Ulah voyvodaları Besarabya Hanedanından adını alan Besarabya bölgesi 10. Yüzyıl sonuna kadar Bulgaristan topraklarına aitmiş. Ardından bu topraklar Kumanlar, Peçenekler ve Moğollar tarafından istila edilir.

Daha sonra 14. yüzyılda topraklara Besaraplar yerleşir. 1812 yılında bu topraklar Osmanlı İmparatorluğunun parçası olur. Yambol, Sliven, Karnobat’tan Bulgarların bu bölgelere göç ettiğine dair belgeler ise, 18.yüzyılın ortasına ait. 1774 yılından sonra Bulgarların bu bölgelere göçü yoğunlaşır. Bir yandan bu insanlar Osmanlı’dan kaçar, öte yandan Rusya her yeni gelen aileye ömür boyu kullanım izniyle büyük toprak arazileri sağlar, kırsal kesimlerde bu yeni gelecek Bulgarlar 30 yıl süreyle vergiden muaf bırakılır, şehirlere yerleşecek olanlar ise 5 yıl vergi ödemez.
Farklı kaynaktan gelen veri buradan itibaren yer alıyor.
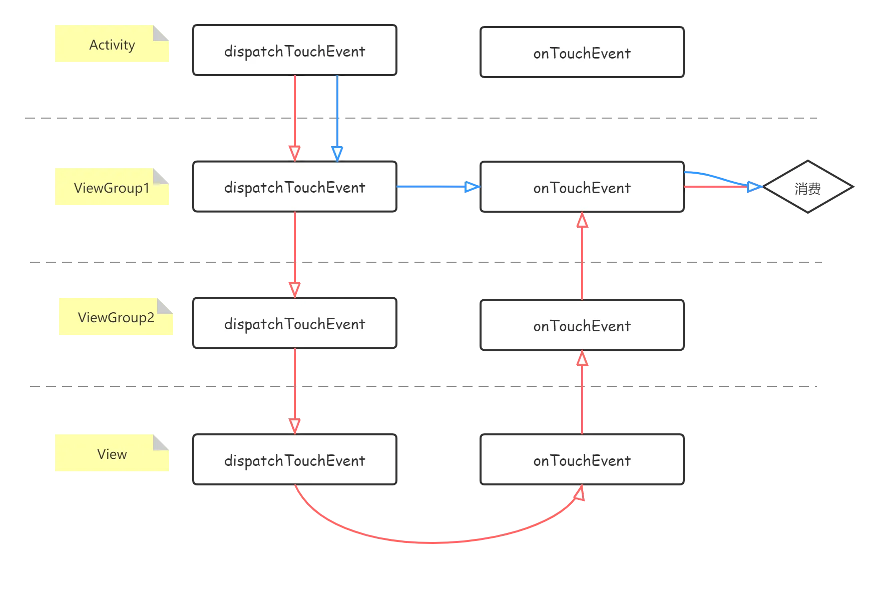 与 DOWN 事件不同,其他的都属于后续事件,默认情况下只有消费了先序事件(例如 DOWN)的控件才能收到后续事件,它的上层控件负责分派后续事件(有条件强行拦截)。这么说太抽象了,画个图看看(下图中红色表示 DOWN 事件,蓝色表示后续事件)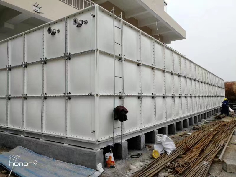 玻璃鋼水箱組件是使用模壓小塊,在施工現場組裝成一個大型水箱。要用角鋼固定在外面,角鋼模型由水箱構成,頂部放置玻璃鋼板,然后在現場添加幾層方格布或毛氈以消除裂縫。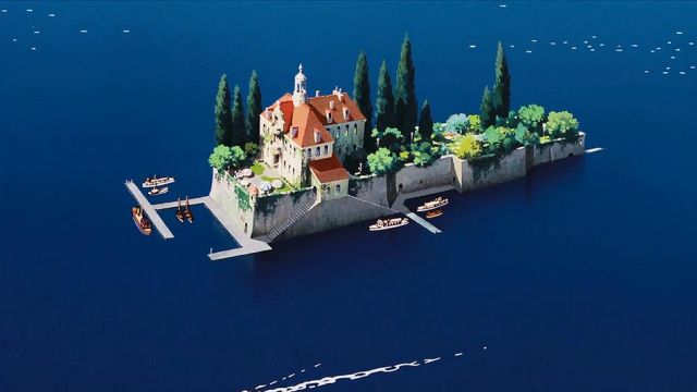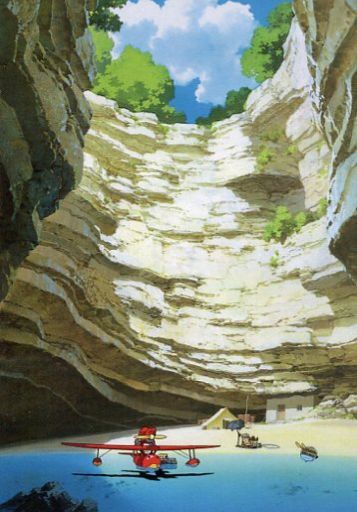 The opening shots of Porco Rosso (1992), written and directed by Hayao Miyazaki, are a masterclass in economical storytelling. We begin with a shot of a blue sky, glimpsed from within a ravine. The camera tilts down the ravine cliffs to reveal a small cove on the ground below. Moored in the waters lapping at the cove’s beach is a bright red seaplane. There’s a small encampment on the beach, and a man sleeps in a beach chair. As we get a closer look at the plane, we see that the Italian flag is painted on its tail.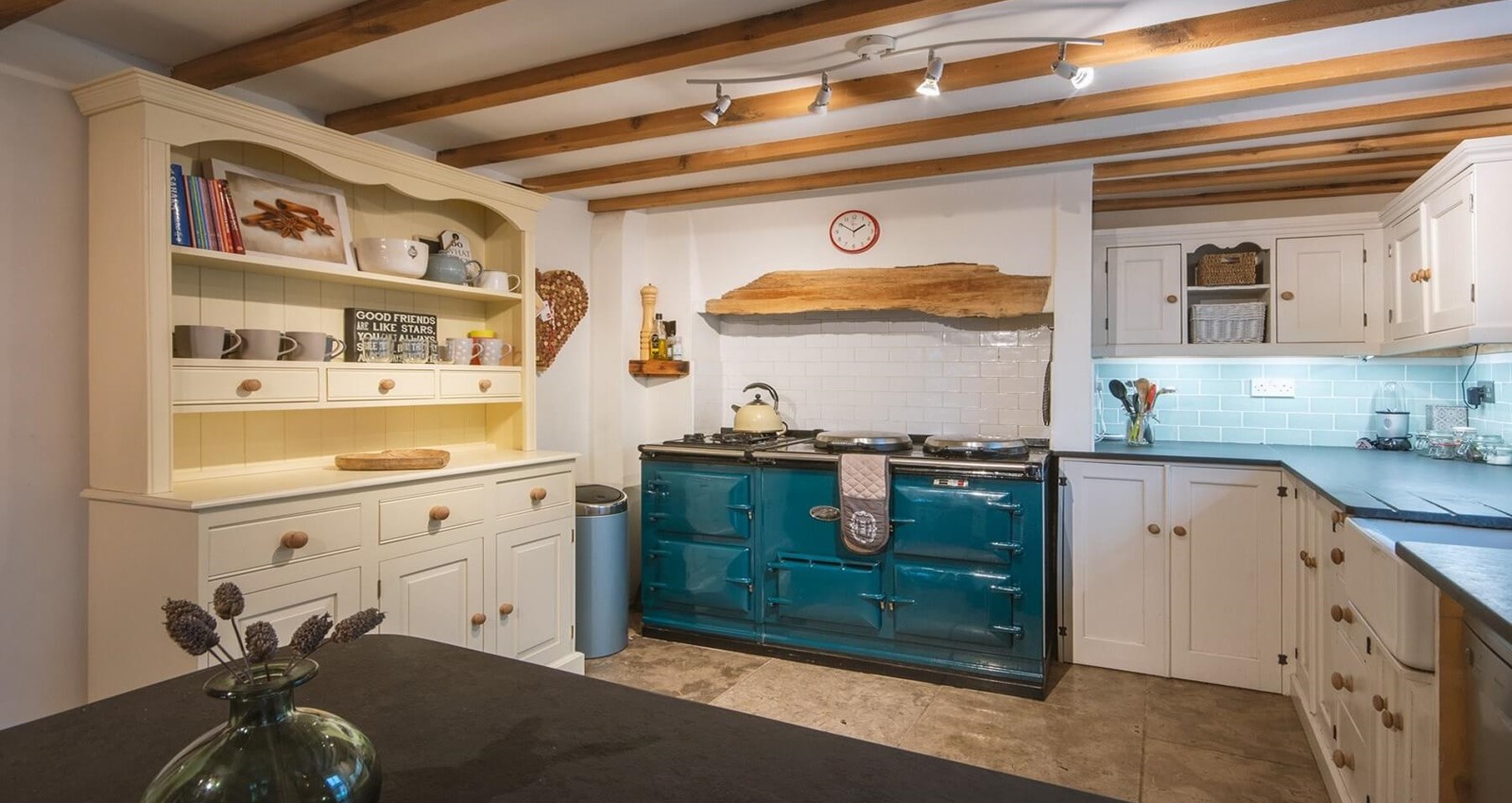 Spacious farmhouse styled with a modern twist kitchen including a shabby chic styled dining table with seating for six, AGA full sized range, microwave, Belfast sink and dishwasher. Fully equipped with plenty of cooking utensils and dishes for serving the family the tastiest culinary delights.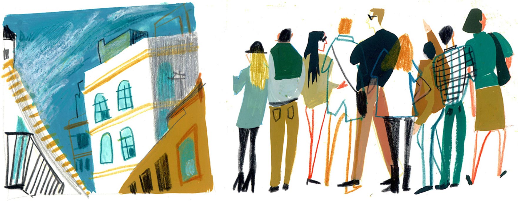 This workshop is focused on gouache technique for urban sketching, combining the use of other materials, such as colored pencils, graphite pencil and crayons. The use of different materials allows to offer vibrant drawings and amazing textures. The goal is to use layers of gouache paint and add details, strokes and textures with other materials on top.
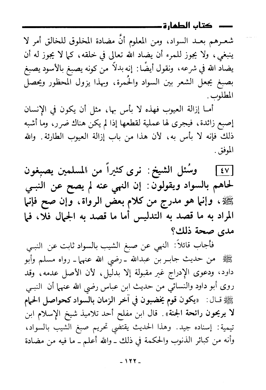 47) وسُئل الشيخ: نرى كثيراً من المسلمين يصبغون لحاهم بالسواد ويقولون: إن النهي عنه لم يصح عن النبي صلى الله عليه وسلم، وإنما هو مدرج من كلام بعض الرواة وإن صح فإنما المراد به ما قصد به التدليس أما ما قصد به الجمال فلا، فما مدى صحة ذلك؟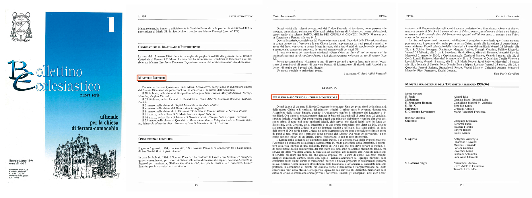Aa. Vv., Ministeri Istituiti, Bollettino Ecclesiastico Ufficiale per la Chiesa di Ferrara-Comacchio 1/1994,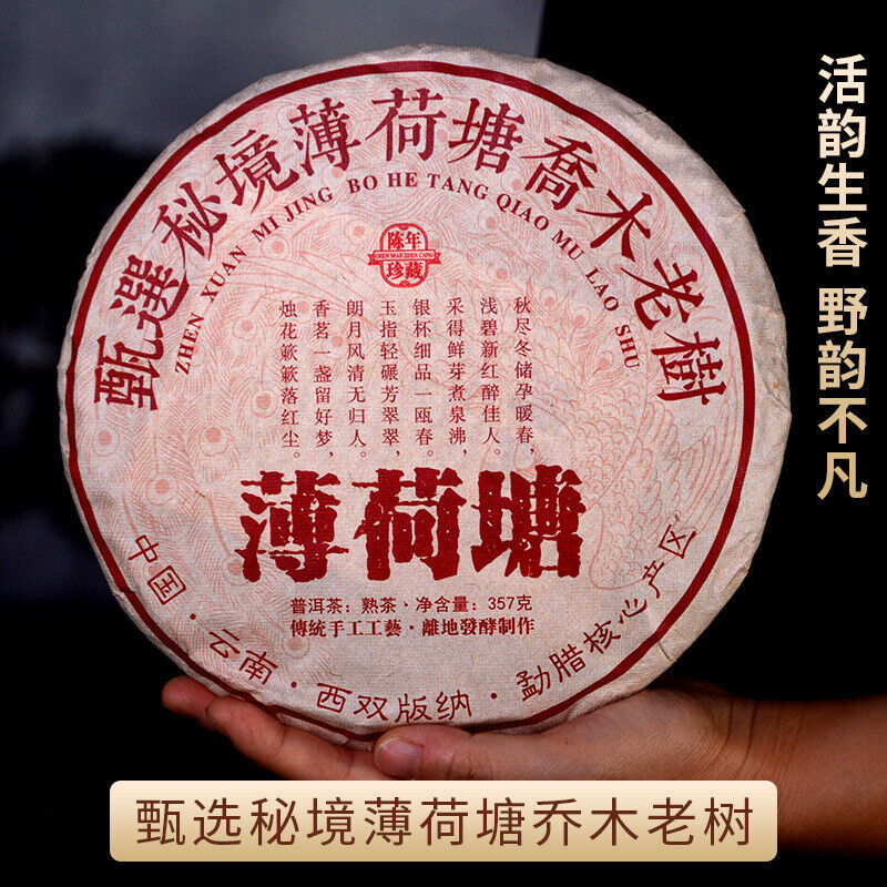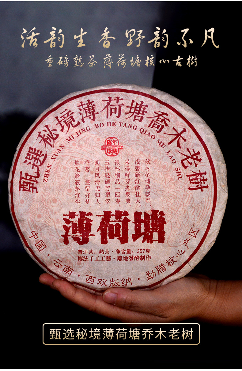 Premium Yunnan Menghai Aged Pu-erh Ripe Tea Cake357gMint Tree Arbor Old Tree Tea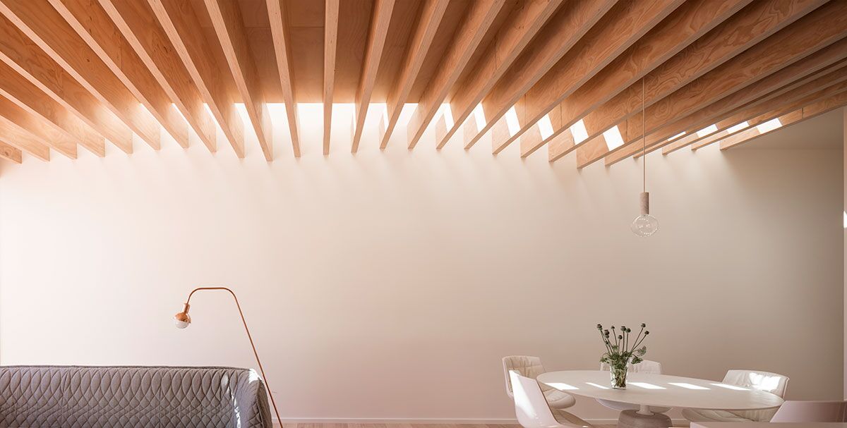 The overall experience of the house is of the tracks of sunlight and shadow moving across the space. A carefully considered full-length skylight on the north edge of the space brings in abundant light, which is filtered and diffused by the exposed rafters, changing through the course of the day, and amplified by the varying depths of the rafters.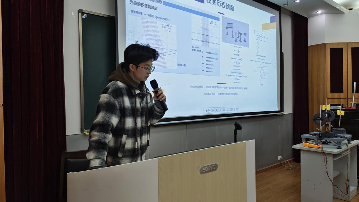 材物2101班舒俊对全年的历程进行了一个回顾,比较了国赛和省赛的区别,分享了答辩的经验。当谈到国赛时,他表示,国赛主要考察物理思维和学生的参与度,因此合作显得十分重要,他建议小组成员聚在一起思考讨论,而不是将任务分配给个人。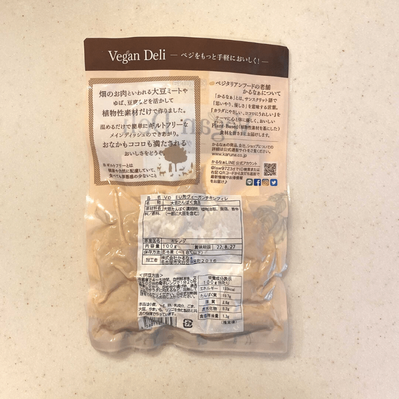 オランダで生まれた鶏ササミ風の冷凍大豆ミートです。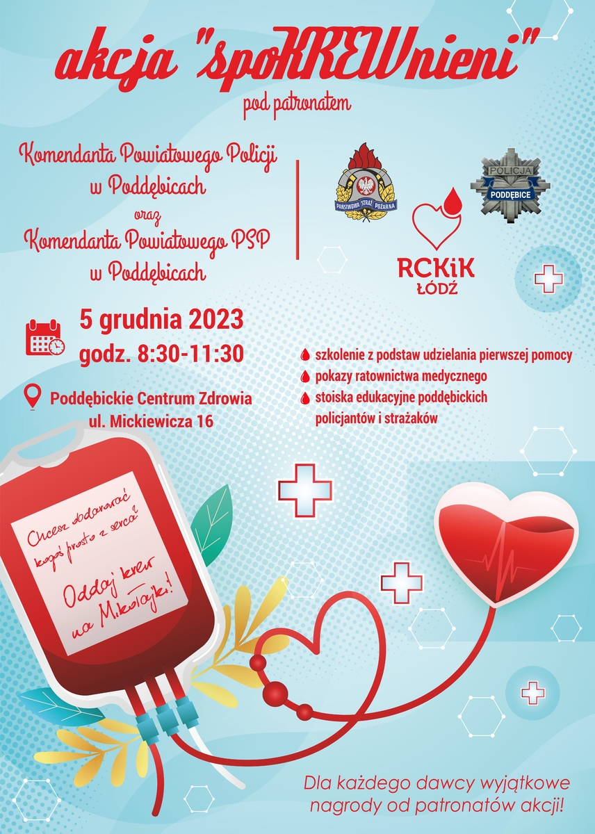 Zapraszamy do wzięcia udziału w mikołajkowej akcji "spokrewnieni”, którą patronatem objęli Komendant Powiatowy Policji w Poddębicach oraz Komendant Powiatowy Państwowej Straży Pożarnej w Poddębicach. Wydarzenie odbędzie się 5 grudnia w godzinach 8:30-11:30 na parkingu Poddębickiego Centrum Zdrowia.

Oraya göç edecek Bulgarlar ev kurmak için de Rusya devletinden yardım sözü alır. Bu topraklara gelince insanlar uçsuz, bucaksız düzlük ova, dikenli, çalılı, hiçbir zaman işlenmemiş arazilere rastlar. Buraya göç eden Bulgarlar ummalı çalışmalar ve azimle ıssız arazileri verimli topraklara dönüştürür, meyve, sebze, buğday ekerek cennet bahçesine çevirir. Bu insanlar memleketleri Bulgaristan’a sonsuz bir sevgi ve hasret besler, birçoğu onu hiç ziyaret etmemiş olmalarına rağmen, onu “vatan” sözleriyle tabir eder.

Moldova ve Ukrayna topraklarında yaşayan “Besarabya Bulgarları” olarak adlandırılan topluluğun tarihini Elisaveta Belobradova “Besarabya ile karşılaşma” adlı kitabında yazdı. Belobradova, bölgede yaptığı dokuz günlük gezisini kitaptaki sayfalara yansıttı:

Gezime Romanya’dan Bulgar tarihiyle bağlantısı olan şehirlerden başladım. Besarabya’da çok duygusal anlar yaşadım. Ukrayna’da açlık yılını yaşamış 94 yaşında bir Bulgar kadınıyla konuştum. Gladomor adı verilen Açılık Yılından on yıl sonra Besarabya’da da böyle kıtlık olur. Bulgarların özel mülkiyeti ellerinden alınır, hayvanları, tarlalarına devlet el koyar, erkekler Sibirya’ya bir yıllığına sürgüne gönderilir ve insanlar açlıktan ölmeye başlar.

Elisaveta, Besarabya Bulgarları hakkında dinlediği efsaneler, hikayeler, yaşam öyküleri ardından bu toprakları ziyaret etmeye karar verir. “Basında okuduklarımdan çok farklı duygular yaşadım bu insanlarla karşılaşınca” diyor Elisaveta.

Bu kişilerin çocukları artık Bulgarca öğrenebilir, ancak Moldova ve Ukrayna’da düzenlemeler farklı çalışıyor:

Moldova’da hiçbir sorun yok- her yerde Bulgarca okunuyor, fakat okullar “Moldova okulu” diye geçiyor. Bulgar dili ikinci dil olarak öğretiliyor, Rus dili resmi dil olarak bütün dersler Rusça okutuluyor. Ukrayna’da durum farklı. Orada Bulgar lisesinin kendi özerkliği var. Ukrayna, Rus dilinin müfredattan çıkarılmasına yönelik çalışmalar var. Azınlıkların kendi dilini öğrenmeye ve bu dilde eğitim görmeye itirazları yok. Ukrayna’nın Rusya etkisini azaltma hedefleri bağlamında buna izin veriliyor. İkinci dil olarak Bulgarcaya işaret eden Bulgar öğrencileri Rusçadan muaf tutuluyor. Bu çocuklar okulda Bulgarca, Ukrayna dilince ve yabancı Batı dilinde okuyor.

Besarabya bölgesinde altyapı ve kara yollarının kötü durumu büyük bir sorun. Kendi mallarının serbest dolaşımı için yollar çok önemli. Ticareti için de önemli koşul olarak otobanların eksikliği bu insanların elini, kolunu bağlıyor. Bu sorunların çözümü ise Ukrayna hükümetinin iradesine bağlı. Besarabya Bulgarları hükümetin onların sorunlarına kulak vermediğinden yakınıyor.